Sustainable Energy
Giving Plastic Solar Cells an Energy Boost
Plastic cells are lighter than silicon ones, but they’re not as efficient–one company aims to fix that.
Polymer solar cells are finding use in solar charging backpacks and umbrellas, but they still only convert around 6 percent of the energy in sunlight into electricity–or around a third of what conventional silicon panels are capable of. If the efficiency of polymer solar cells–which are cheaper and lighter than silicon cells–can be boosted significantly, they could be ideal for plastering on rooftops or laminating on windows.

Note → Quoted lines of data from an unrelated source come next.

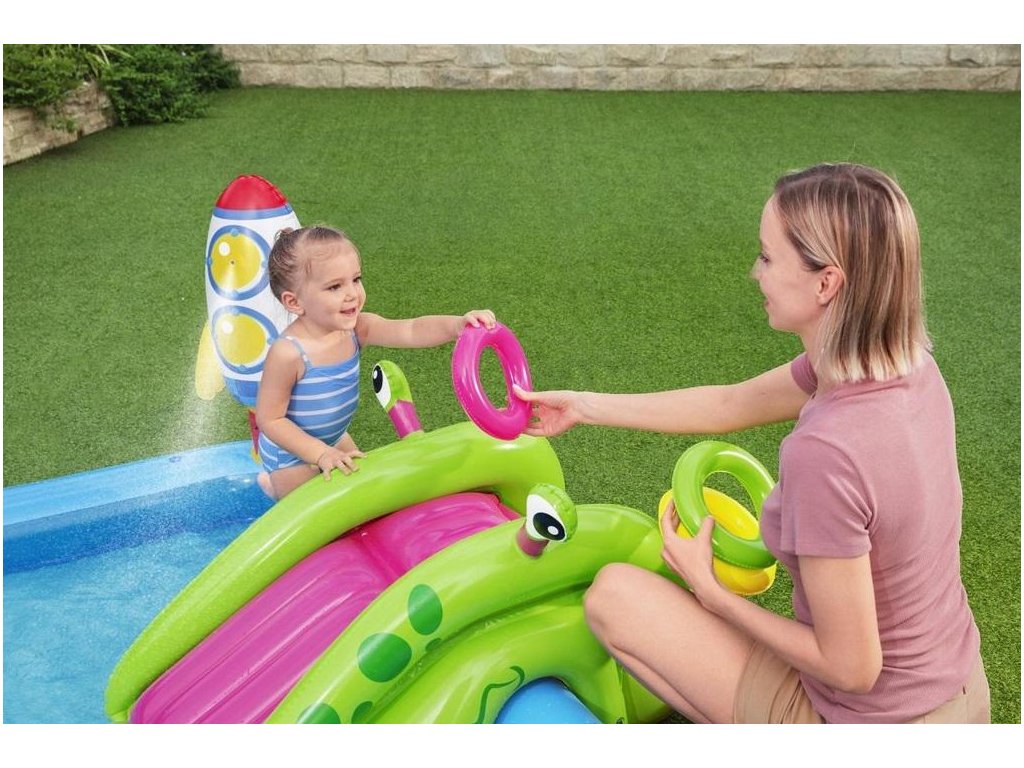 Multifunkční zábava: Tento vodní park kombinuje hrací bazén, vodní stříkačku, klouzačku s měkkou podložkou pro bezpečné přistání, a další hry jako házení kroužků a frisbee. Děti si užijí hodiny zábavy, zatímco se bezpečně ochladí ve vodě.
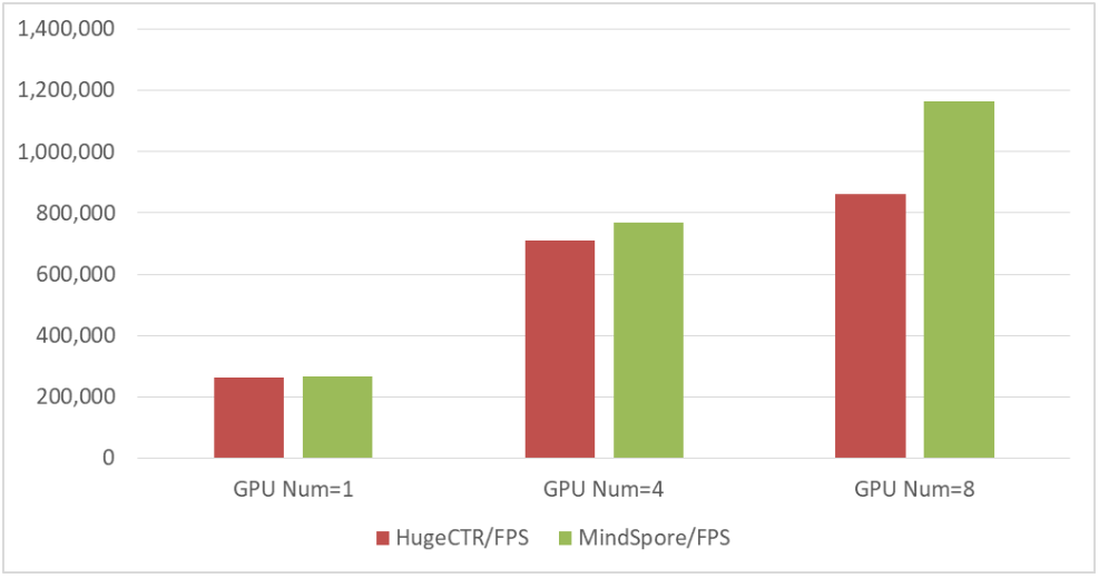 ,如下图所示,单机八卡上昇思MindSpore的吞吐率优于HugeCTR 35%。
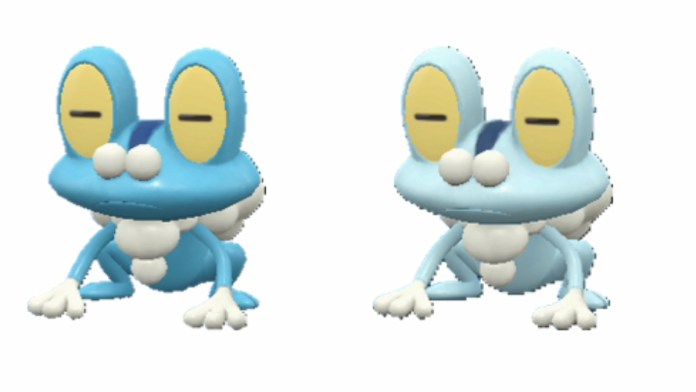 Shiny Froakie is only slightly darker than its non-shiny counterpart. The color of its body changes from pale blue to light powder blue. You can get this shiny Pokémon by hatching it from an egg. The egg can only be produced if you participated in the Greninja event raid and captured yourself a frog.
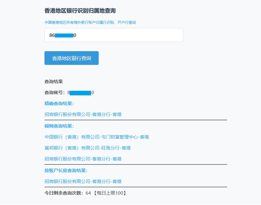 按账户长度查询支持的银行:中国银行(香港) 、中国建设银行(亚洲)、中国工商银行(亚洲)、浦发银行(香港)、交通银行(香港)、上海商业银行 、民生银行香港分行 、招商银行香港分行、恒生银行、汇丰银行、渣打银行、大新银行、招商永隆银行、星展银行、东亚银行、创兴银行、集友银行南洋商业银行、中信银行(国际)、花旗银行、华侨银行、众安银行
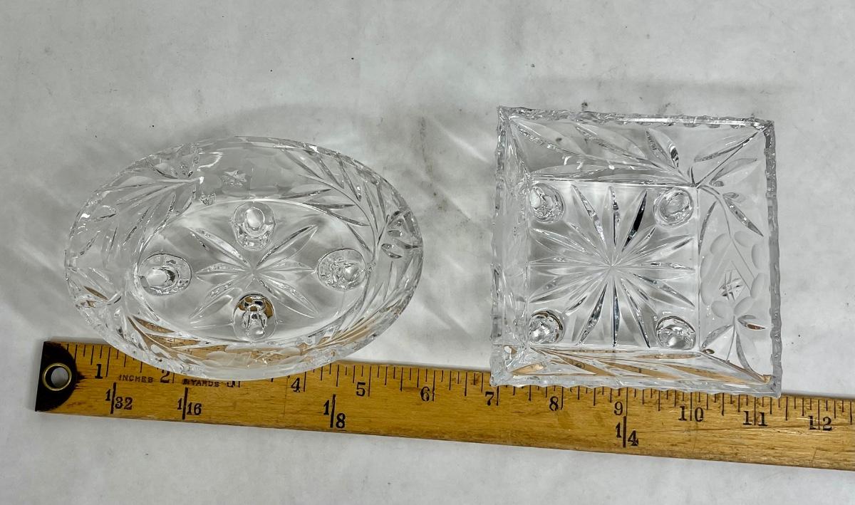 Square dish is approx. 4" x 4"; the oval dish is approx. 3" x 5". Both are in good condition.
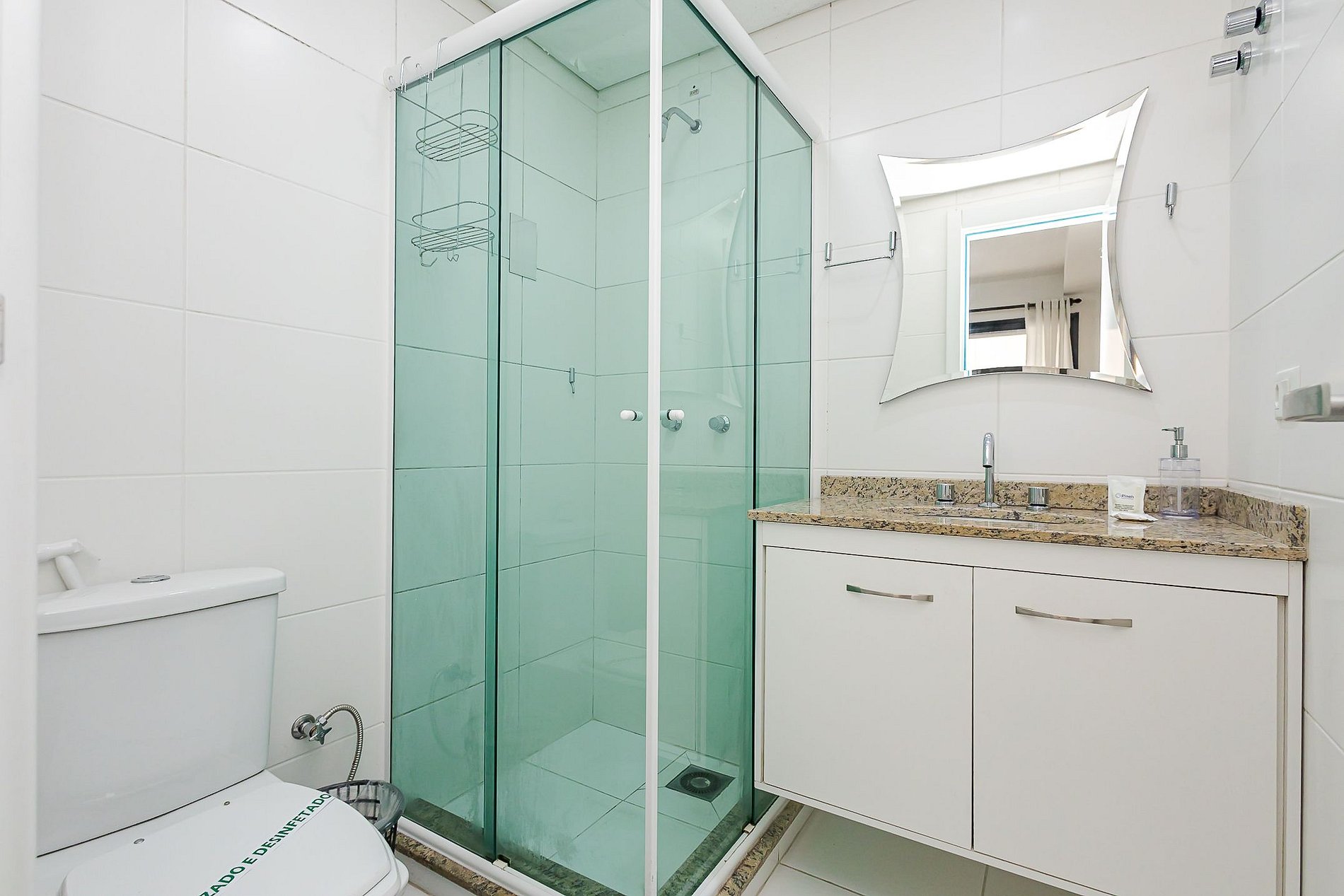 A entrada no apartamento é feita por fechadura eletrônica, garantindo praticidade e autonomia durante toda a estadia.
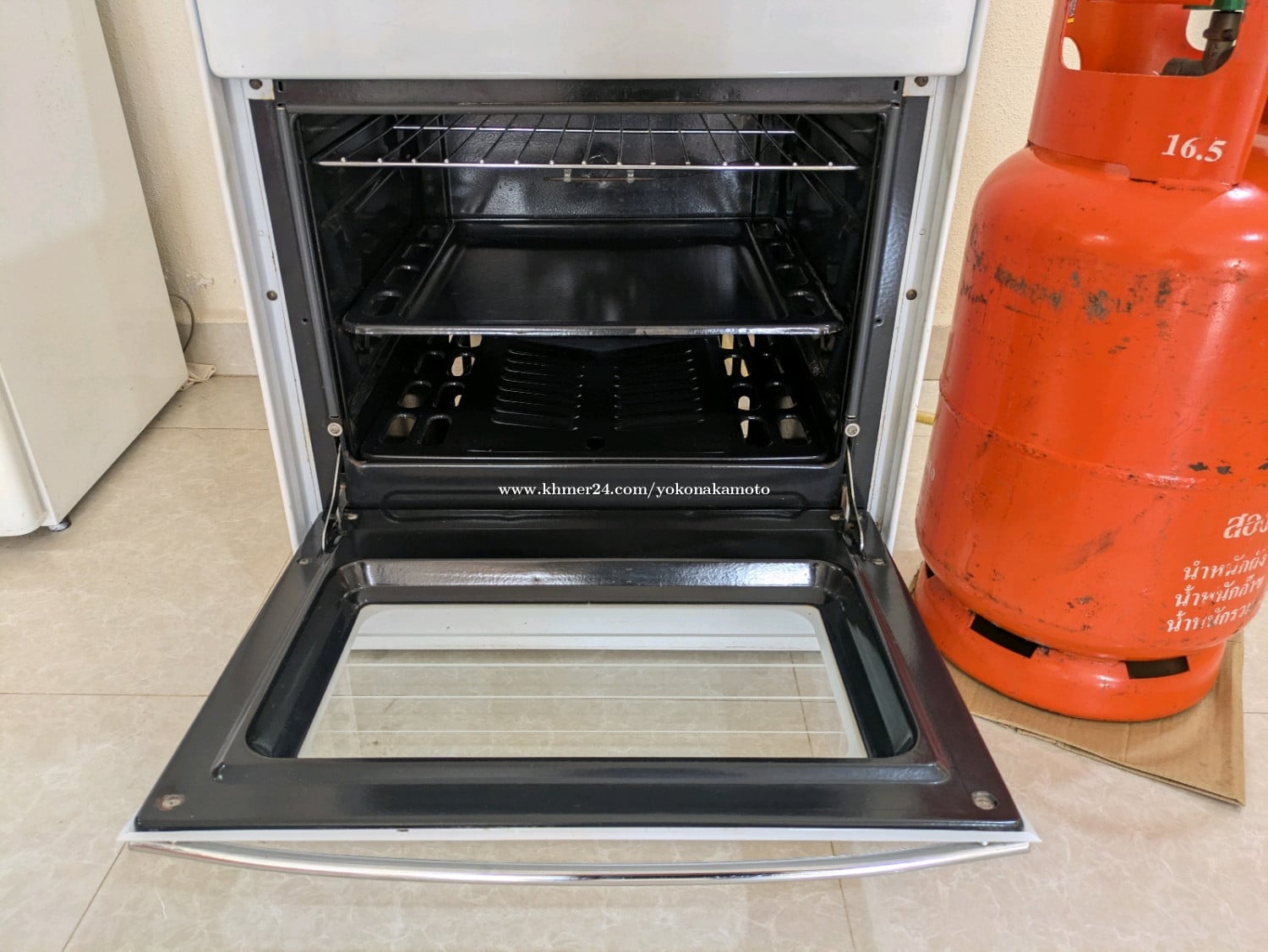 លក់ចង្ក្រានហ្គាសមួយទឹក និងធុងហ្គាស(16.5kg) ចង្ក្រានហ្គាស៖ជាប្រភេទចង្ក្រាន ៤ ភ្នែក។ ភ្នែកទាំង ៤ គឺនៅឆេះល្អទាំងអស់ មិនមានបញ្ហាអ្វីទេ។ ធុងហ្គាស៖ ចំណុះ ១៦.៥ គីឡូ ហើយនៅសល់ហ្គាសលើសពីពាក់កណ្តាល។ ចំណាំ៖ ឡាំងអូវ៉ិនគឺខូច មិនអាចប្រើបានទេ។ Gas stove+Gas tank/Gas Cylinder Gas Stove: 4-burner model. It is in good working condition, and all 4 burners work perfectly. Gas Cylinder: 16.5kg tank. It is more than half full, so you can use it immediately. Note: The oven part is broken. 煤气灶+煤气罐 煤气灶: 四眼炉灶,四个炉眼都能正常点火,火力稳定。 煤气罐: 16.5kg 规格,里面的气还剩一半以上。 备注:烤箱部分已损坏,无法使用

Solarmer Energy, based in El Monte, CA, is on target to reach 10 percent efficiency by the end of this year, says Yue Wu, the company’s managing director and director of research and development. Organic cells will likely need at least that efficiency to compete on the photovoltaic market.
In collaboration with Luping Yu, a professor at the University of Chicago, the startup has previously engineered polymers that absorb a broad range of wavelengths and has made cells that convert sunlight to electricity with a record efficiency of nearly 8 percent.
Polymer solar cells with even higher efficiencies are in the works. Solarmer is collaborating with Yang Yang, a materials science and engineering professor at the University of California, Los Angeles. Yang is working on a stack of multiple cells that absorb different bands of light. He expects to achieve 12 to 15 percent efficiencies using this approach along with new polymers and better device design. So far, he has made laboratory prototypes that are better than 6 percent efficient. He presents this work on Tuesday at the American Physical Society meeting.
Polymer solar cells should be cheaper to make than thin-film cadmium-telluride or copper indium gallium selenide (CIGS) ones because they use low-cost materials that are easy to print, says Michael McGehee, a materials science and engineering professor at Stanford University. But McGehee believes polymer cells will need to be more than 15 percent efficient to have a major impact on the solar power market. “We still don’t understand the physics well enough to know what the theoretical limit is,” McGehee says. “I think cells with 15 to 20 percent could be possible.”
Solarmer’s research team has multiple tactics for increasing cell efficiency. Its cells are made of a semiconducting polymer that absorbs sunlight and releases electrons, and a carbon nanostructure that shuttles the electrons to the external circuit.
Inside the polymer, electrons go from a low to a high energy level when bombarded by photons. The smaller the difference (or bandgap) between these levels, the more light a cell absorbs, and the higher its efficiency. One way to decrease the bandgap is to bring down the higher energy level. University of Chicago chemistry professor Yu is using this technique to design new types of narrow-bandgap polymers. “The beauty of organic solar cells is that we’re able to engineer new materials that can tailor those energy levels,” Yang says.
The researchers are also trying to improve the interface between the polymer and the carbon nanostructure so that electrons can move faster to the external circuit without getting trapped in the material. And they are developing better electrode materials and improved ways of fabricating the electrodes. Yang says these advances will eventually make it possible to boost the efficiency of individual cells and of stacked cells.
Even if Solarmer reaches its target of 10 percent efficiency, Wu says, it may take as long as three years before the company can print commercial-grade rooftop panels with those ratings. Right now, the company plans to have devices on laptop bags and cell phone back panels in early 2011, followed by awnings and sunshades.
Yang says organic solar cells need not only higher efficiencies but also more stability. “What’s commercialized is not the highest efficiency but most reproducible technology,” he says. Indeed, plastic solar startup Konarka, based in Lowell, MA, is producing flexible panels on a large scale despite just a 3 to 5 percent efficiency.
Adam Moulé, a chemical engineering and materials science professor at the University of California, Davis, says that increasing the lifetime of organic solar cells is now the biggest challenge. Solarmer’s panels have a lifetime of up to three years.
“The 7.9 percent reported efficiency record is really amazing,” Moulé says. “If organic photovoltaic units of more than 5 percent power efficiency could be made that have a guaranteed lifetime of over five years, then I think that they will be competitive with CIGS and silicon because of reduced panel cost.”